Asking for help on slack, Veera told me about Roboflow. It’s an online application that’s like a more professional version of the github repos I’ve been using. However, it was still going to be labelled by hand and I really wanted to figure out a way to prep a dataset that would take less time. I’m just one human being, and now I completely understand why most of the large datasets were created by cheap offshore labour like Amazon Turks (just the name of this ‘global workforce’ has some serious issues). Timnit Gebru and other authors, wrote a great article on the ‘hidden’ labour of AI and uncovering some of the farces of automation:
The Exploited Labor Behind Artificial Intelligence | NOEMA
If an image takes 5 minutes to annotate (which is faster than me currently), 12 images would be annotated an hour. One of the popular COCO datasets, ADE20k, has around 30,000 annotated images. Let’s say we only made a dataset half that size, it would take 1250 hours to prep. That’s 52 days.
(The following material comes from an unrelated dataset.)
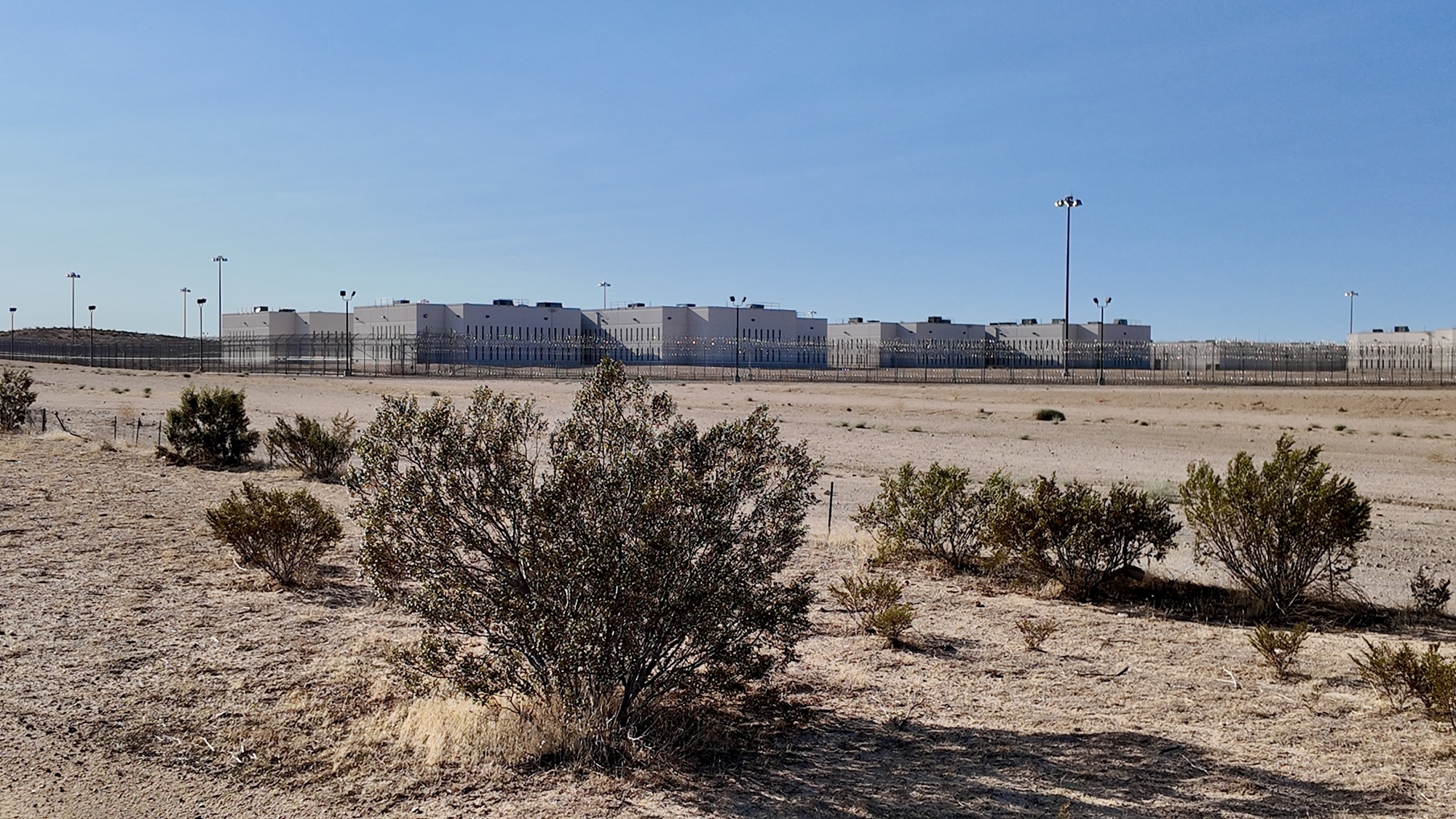 The CoreCivic Inc. California City Immigration Processing Center in California City, California, in June 2025. (Saul Gonzalez/KQED)

Madness, I need to figure out something better.
Obviously doing this alone is 💀
This is when I had a conversation with my dear friend George and he reminded me of the power of synthetic datasets. I’ve been doing Blender for a couple years now so I was like ‘yeah let me try doing this’.
https://www.cgtrader.com/3d-models?keywords=slide&free=1
Mainly used blendswap and chose files that have Creative Commons licenses.